[BLOG] Some Tuesday links
Jun. 22nd, 2010 08:04 am- Border Thinking's Laura AgustÃn really doesn't like Sweden's sex-purchase law, which criminalizes prostitution by penalizing the john, not the (presumably) much weaker sex worker. What happens, she wonders, to the individual autonomy that has encouraged many people (not only women) to exchange their sexual services on the market?
- The Global Sociology Blog argues that Stieg Larsson's Millennium trilogy is tailor-made as source material for a studies on the sociology of gender, showing--and not only through the character of Lisbeth Salander--the challenges of women under patriarchy.
- At GNXP, Razib Khan makes the point that old stories about wild men have less to do with folk memories of extinct hominin species and more to do with the ability of people to dehumanize others.

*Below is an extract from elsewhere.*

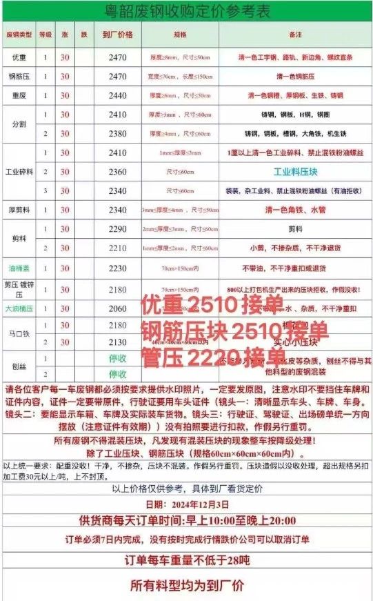 *日忠信华丰钢铁废钢跌**,优重****,重废****,风割料****,中剪****,刨花停收,小剪****,薄剪停收,自提,不含税,注禁止携带密封等危险品

- Over at Marginal Revolution, Tyler Cowen makes the reasonable argument that Germans are hostile to the idea that they should save less and spend more based on their own limited, displeasing, experiences with Keynesianism, and that they aren't unreasonable to be hostile.
- Slap Upside the Head notes that a bill in Canada's parliament to explicitly extend human-rights protections to the transgendered has passed second reading, the first time a bill of its kind has done so.
- From Understanding Society's Daniel Little comes some enlightening quotes on the complexities of human societies from the anthropologist and essayist Clifford Geertz, everything from wonderful summaries of Foucault to observations about the diversity of North Africa. Attention to detail, Geertz notes, matters hugely.